In the Ark chamber, where the now-empty low plinth sat like an accusing witness, the first person they saw was the Templar knight in full regalia, who was clearly unharmed despite what they’d seen happen just a few minutes earlier.
‘That went well, Brother Michael,’ the Knight said. ‘A very successful operation.’ He switched his glance to Bronson and Angela. ‘I imagine you have a few questions.’
‘You have no idea,’ Angela said. ‘Let’s start with why, who, what, when, where and a side order of how. First of all, who are you and why aren’t you dead? I saw that Israeli shoot you at point-blank range.’
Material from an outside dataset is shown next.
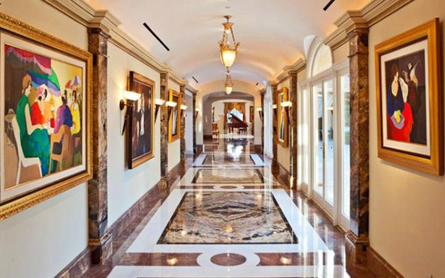Αφού περάσετε από τις πύλες της πολυτελέστατης έπαυλης στο Μπέβερλι Χιλς και διασχίσετε ένα λιθόστρωτο δρόμο 121 μέτρων θα βρεθείτε στην είσοδο της art deco, ευρωπαϊκής αρχιτεκτονικής βίλας με τα τεράστια παράθυρα.

‘My name’s Roger Pemberton, and like Brother Michael, I’m also a Templar knight. As for why I’m alive, the Templars in the medieval period had armour made of steel. Ours is made of layers of Kevlar, and there’s lots of padding under this tunic. But I was in no danger at all, because that wasn’t me in the chamber. Or to be exact, what you saw out there was me, but at the same time it wasn’t.’
‘What?’ Angela demanded, her voice clouded with frustrated confusion. Or perhaps confused frustration.
‘I think he means we’ve been watching a performance,’ Bronson suggested. ‘A projection, or maybe using mirrors, something like that.’
Pemberton nodded. ‘Actually, we’re a little more sophisticated than that. My part in that scene was played out a lot earlier and recorded. What you saw was a hologram. Just like the six knights who appeared when the Ark was lifted.’
‘What did you mean when you said it was a very successful operation?’ Bronson asked. ‘As far as I can see, you’ve been doing some kind of play-acting, and as a result of that, those three Israelis have got away with the Ark of the Covenant.’
‘Well, yes and no, really. Let me begin at the beginning. I find that’s usually quite a convenient place to start.’